As a service" approach or on-premises hosting
Then there's the question of hosting. There are two possibilities for a company. The most common solution is to use a model hosted in the cloud, via an API. The American hyperscalers, Google Cloud, AWS and Microsoft Azure... but also French players, such as Scaleway and OVHcloud, offer this "as a service" approach.
" Some companies are reluctant to use this method for reasons of data security and confidentiality", moderates Redha Moulla.
Another solution is for the company to host an open source foundation model on its own servers (on-premises). This involves investing in computing power. ad hocThis is a particularly expensive resource. What's more, the company will have to maintain this dedicated infrastructure without being able to pool it as cloud players do. Once again, this can be a particularly costly and complex choice.
Safety, compliance and post-production monitoring
Finally, the life of a generative AI project does not end when it goes into production. The AI model must then be monitored like milk on the fire to ensure that it does not drift over time and become the subject of hallucinations. Studies show that a generative AI model can produce up to 21 % of erroneous content or "hallucinations", which can have harmful consequences.
At the same time, cybercriminals have developed a range of so-called "prompt injection" techniques to force a template to generate unwanted, misleading or toxic content.
If the model is for internal use only, "Safeguards must be put in place to ensure that employees do not have access to unauthorised documents. "adds Redha Moulla. According to a survey by Cybersecurity Ventures, 60 % of data leaks come from internal sources.
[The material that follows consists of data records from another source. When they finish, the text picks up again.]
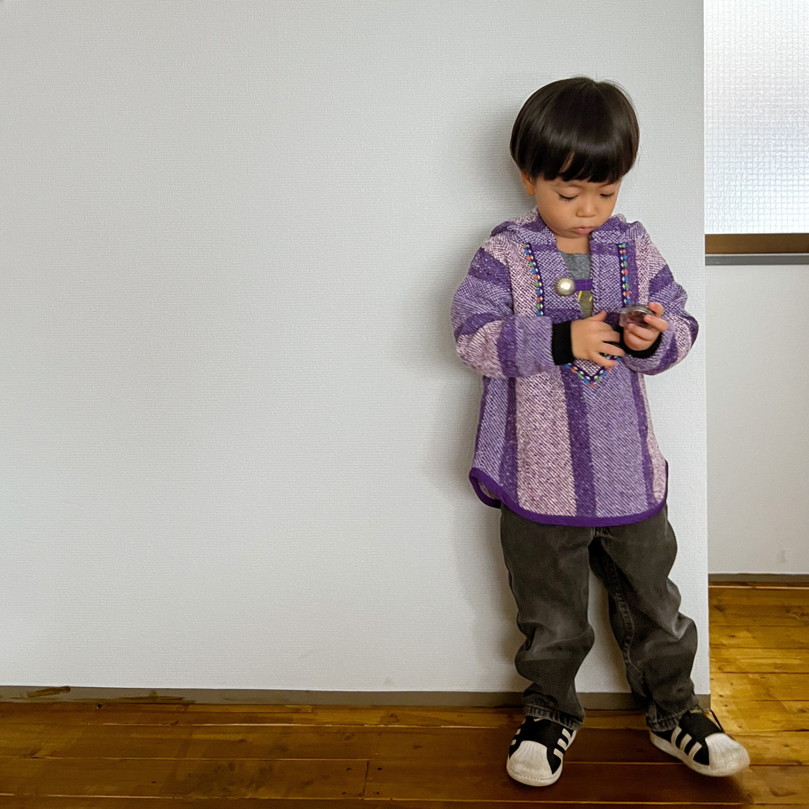大人サイズのUSEDメキシカンパーカーを1度解体し、110サイズにリメイクしました。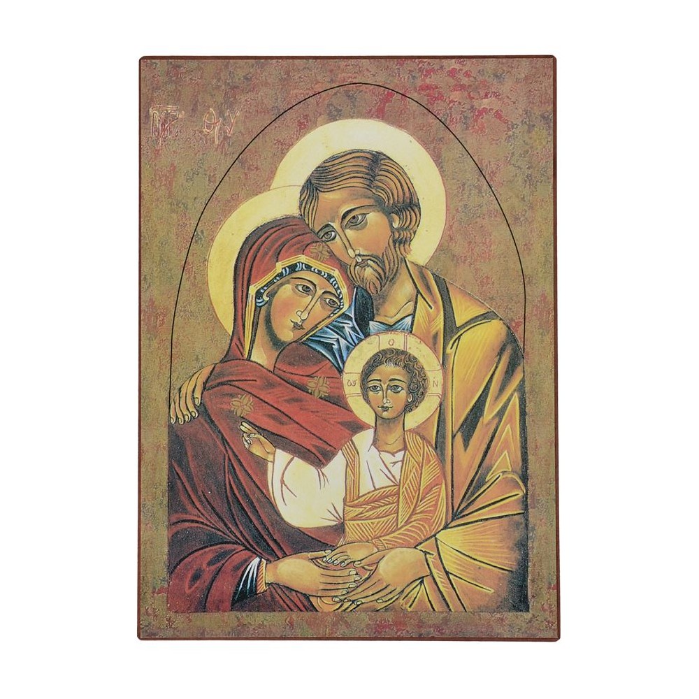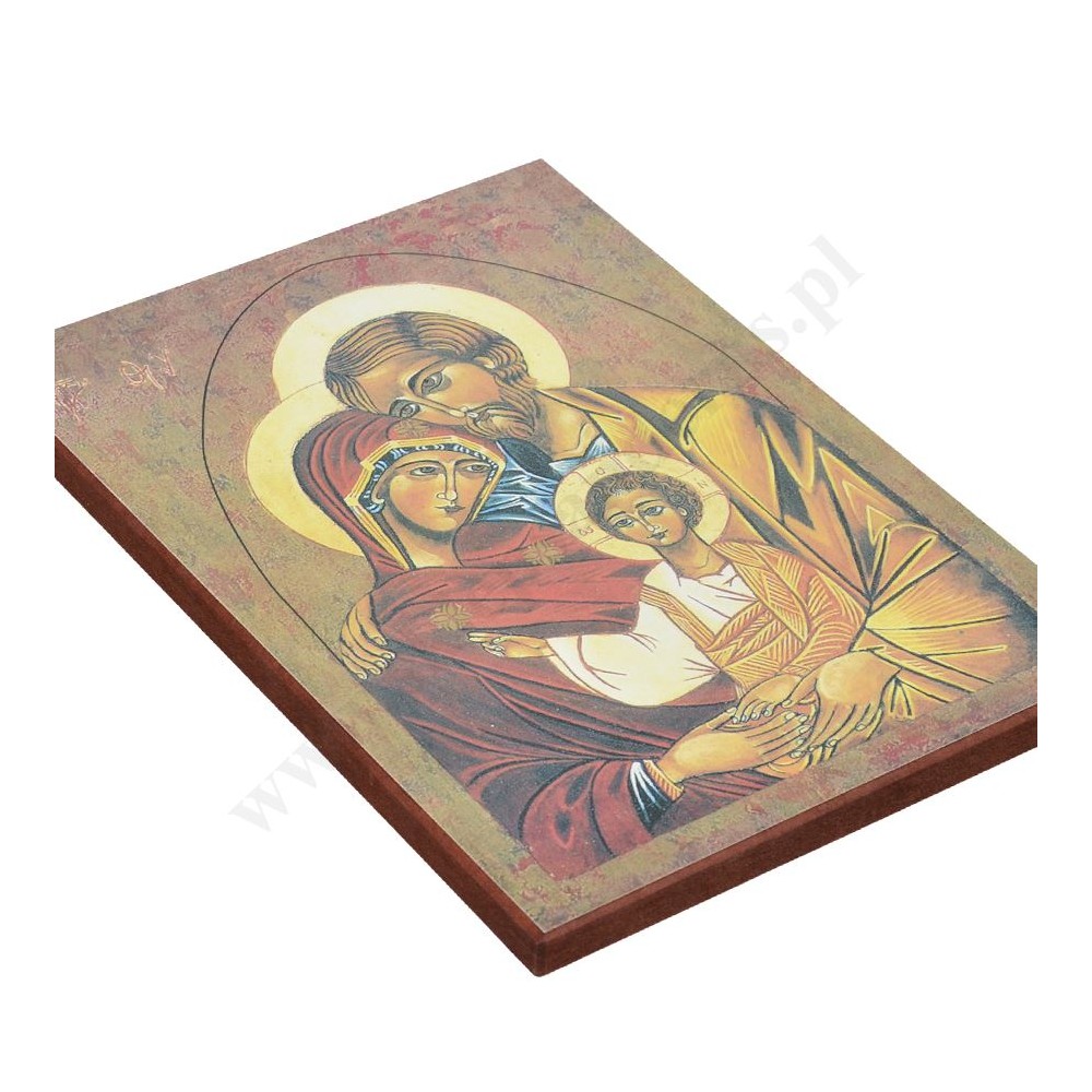 Obrazek przedstawiający Świętą Rodzinę naklejany na drewnianej desce w formacie 20.5 x 28.5 cm.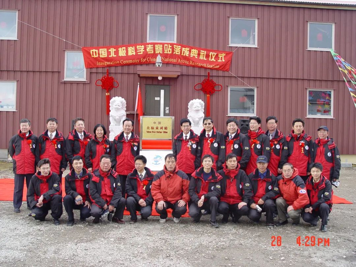 上午9时30分,《中华人民共和国国歌》奏起,身穿红色科考服的中国政府代表团成员和考察队队员在站区外几十平方米的红色地毯上,庄严地举起右手,致注目礼……时任国家主席胡锦涛发来贺信,代表党中央、国务院表示热烈祝贺!向不惧艰险、立志造福于人类的我国极地工作者表示诚挚的问候!希望我国极地科学考察事业能够为人类和平与发展的崇高事业做出新的更大的贡献。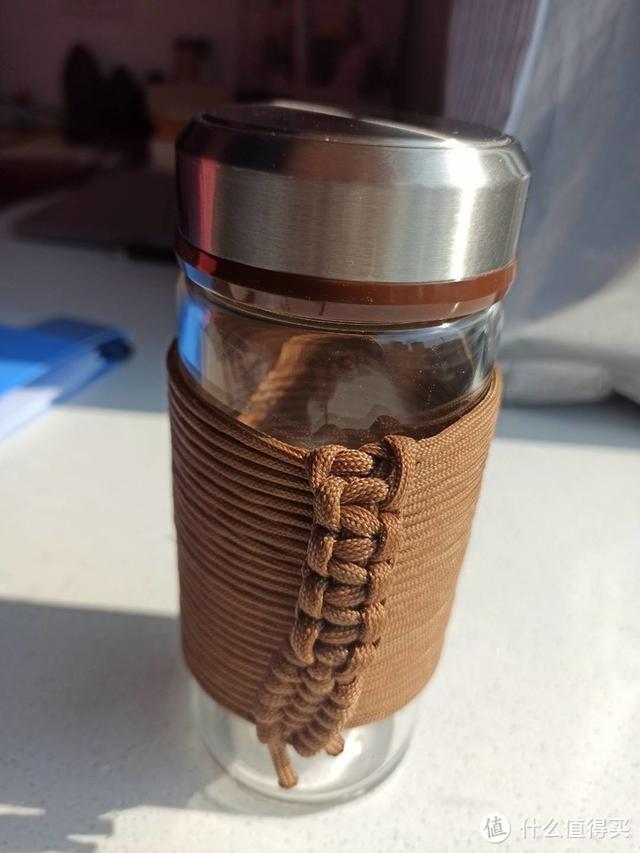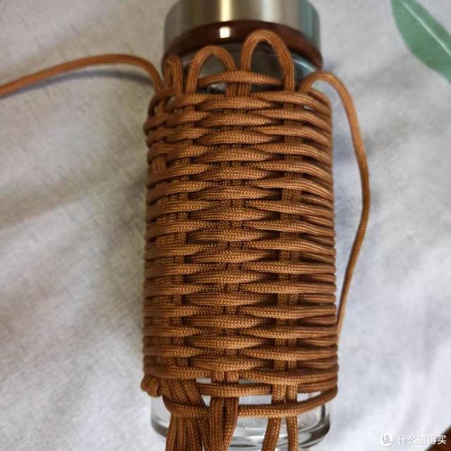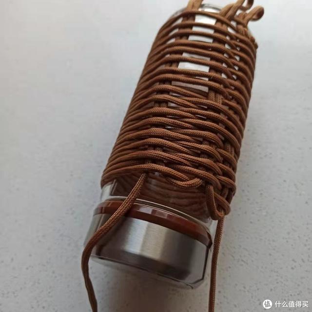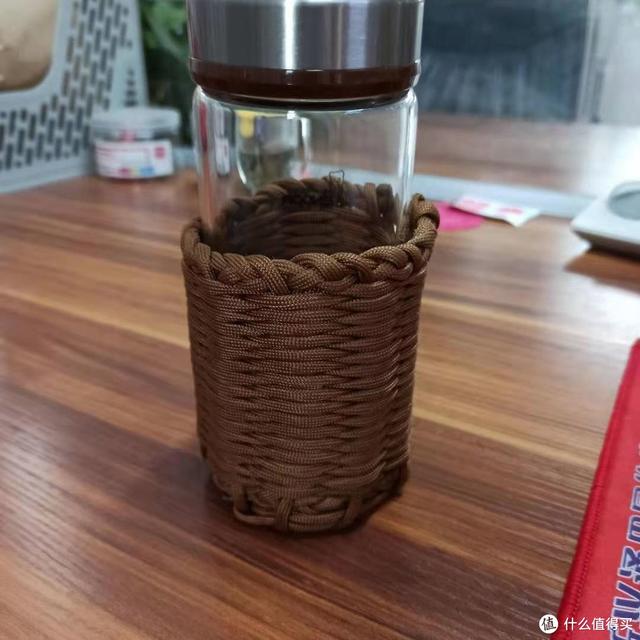 起初是因为喜欢的一个单层玻璃杯,倒茶的时候很烫手,网上附送的杯套又有气味,于是想自己做一个,找了很多编织伞绳的教程和视频,展示出来的都有点不合心意,慢慢的摸索,制作了一些小作品,也终于做好了玻璃杯的保护套,向大家分享。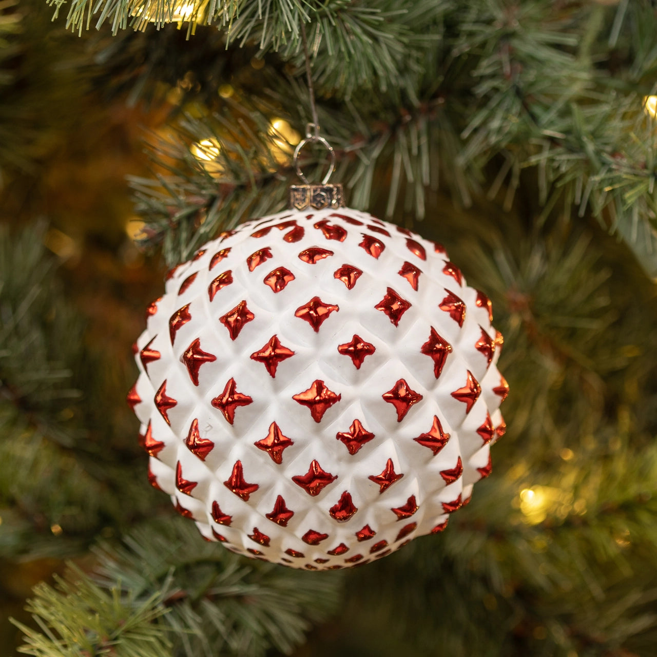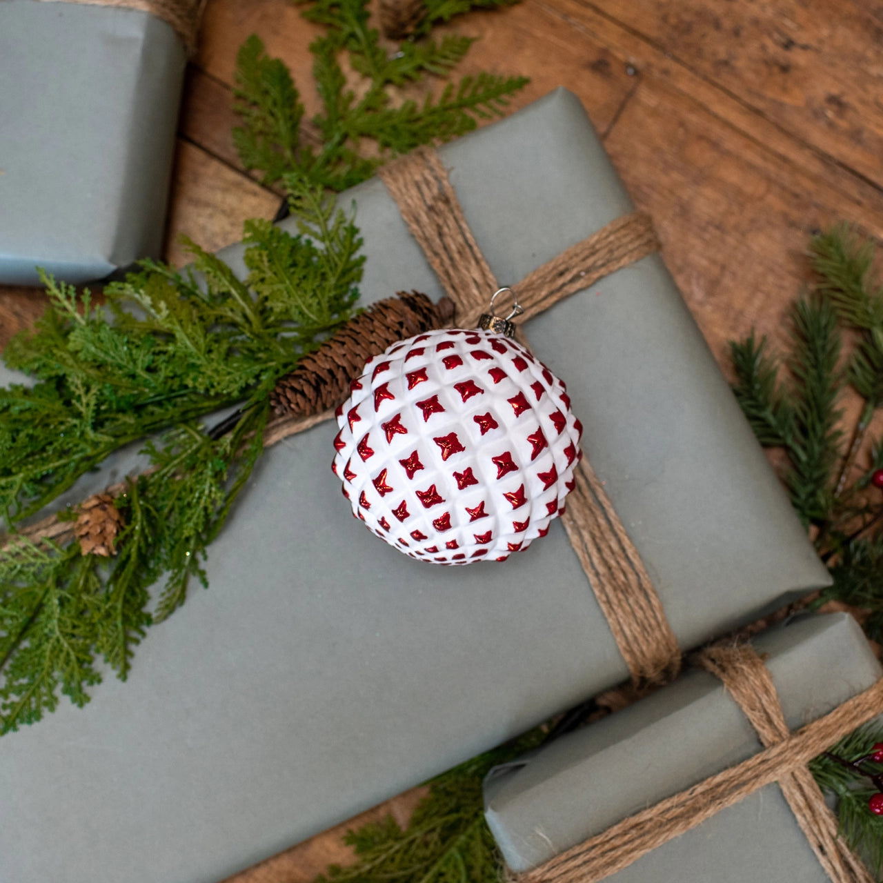 Transform your Christmas tree into a masterpiece of holiday elegance with our White & Red Textured Ball Ornament. This exquisite ornament seamlessly blends classic white and festive red in a textured design, adding a touch of timeless charm to your festive decor.
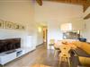 Der Wohnbereich ist mit einem gemütlichen Sofa, einem Fernseher sowie einem Esstisch mit Eckbank ausgestattet - ideal für entspannte Stunden und gesellige Runden.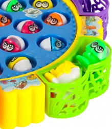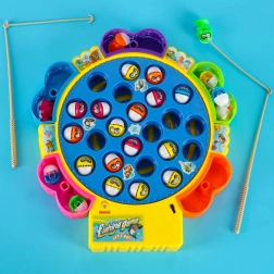 A motoros alap egyenletesen forog, a játékot vidám zene kíséri – ideális izgalmas horgászathoz és a gyors reagálás gyakorlásához.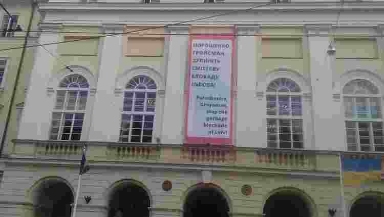 На львівській ратуші вивісили банер з вимогою припинити сміттєву блокаду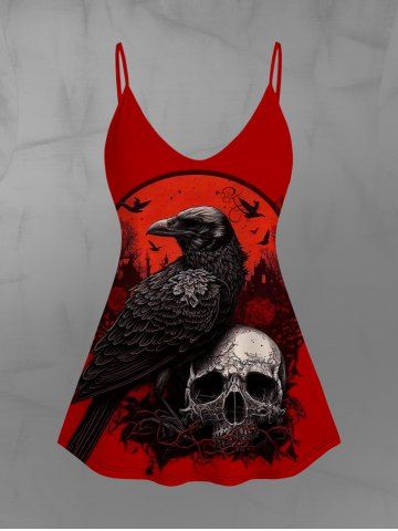 Gothic Cami Bird Skull Print Top (Adjustable Shoulder Strap) - Red - M | Us 10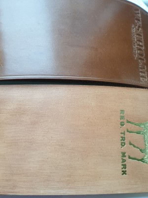 Кордован-ремень от WestholmeВ отличие от многих/большинства ремнеделов, он четко указывает tannery с которой берет кожу, ее полное торговое наименование (в моем случае Horween Bourbon Shell Cordovan), а куски кожи со штампом фабрики на тыльной стороне ставит на самые дорогие (широкие/длинные) ремни. У него на Фейсбуке среди свежих фото можно увидеть такой черный ремень 3х24 дюйма барберского типа как раз со штампом Horween Shell Cordovan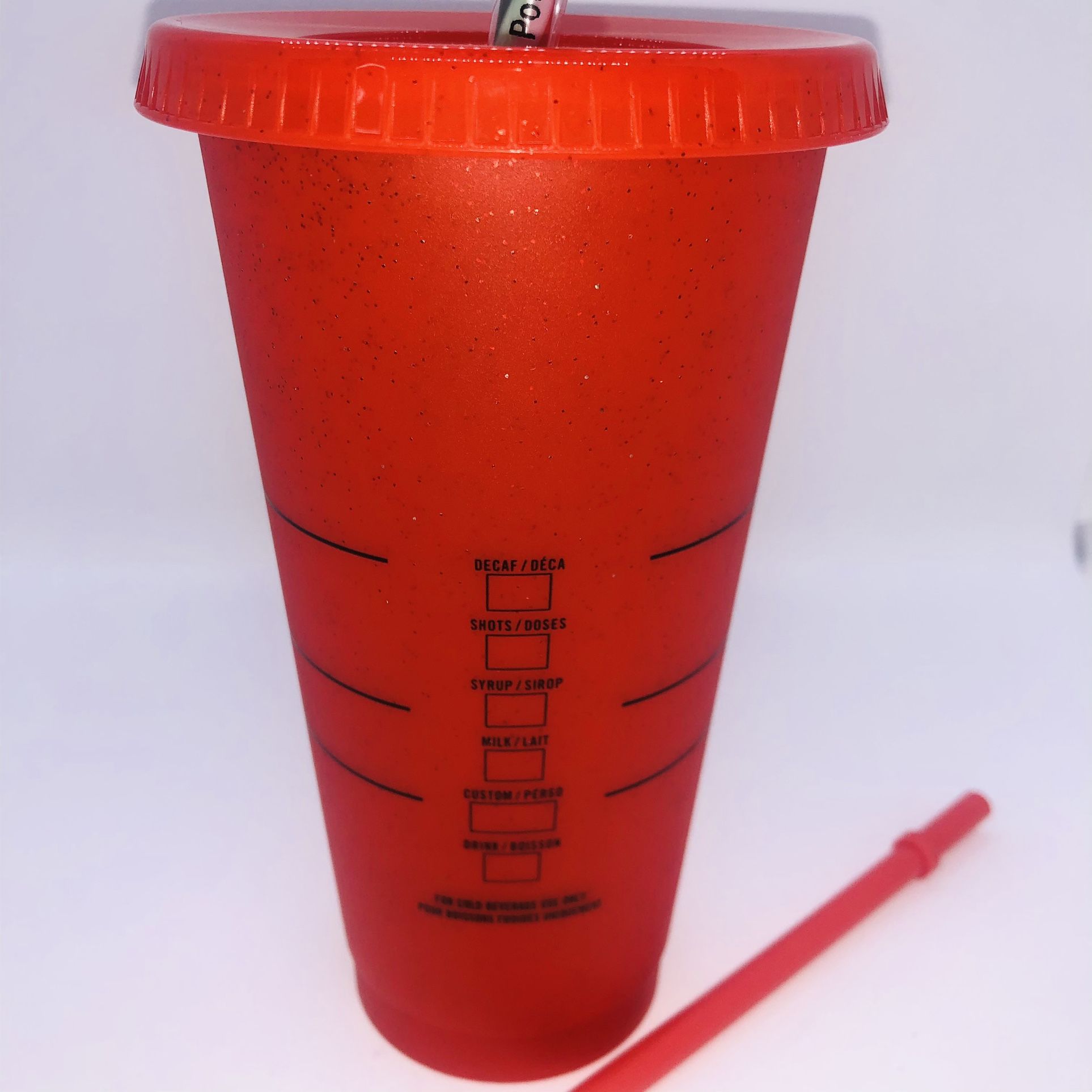 Red Glitter Cup with Red straw only New Reusable Venti - 24 fl oz

Finally, organisations need to anticipate the requirements of the AI Act, the European regulation on AI that will come fully into force in 2026. To comply, they need to map their models in production now and classify them according to their level of risk.
To sum up, a successful generative AI project requires a multidisciplinary approach, combining technical skills, strong business involvement, particular attention to security and compliance, and rigorous management of resources and expectations.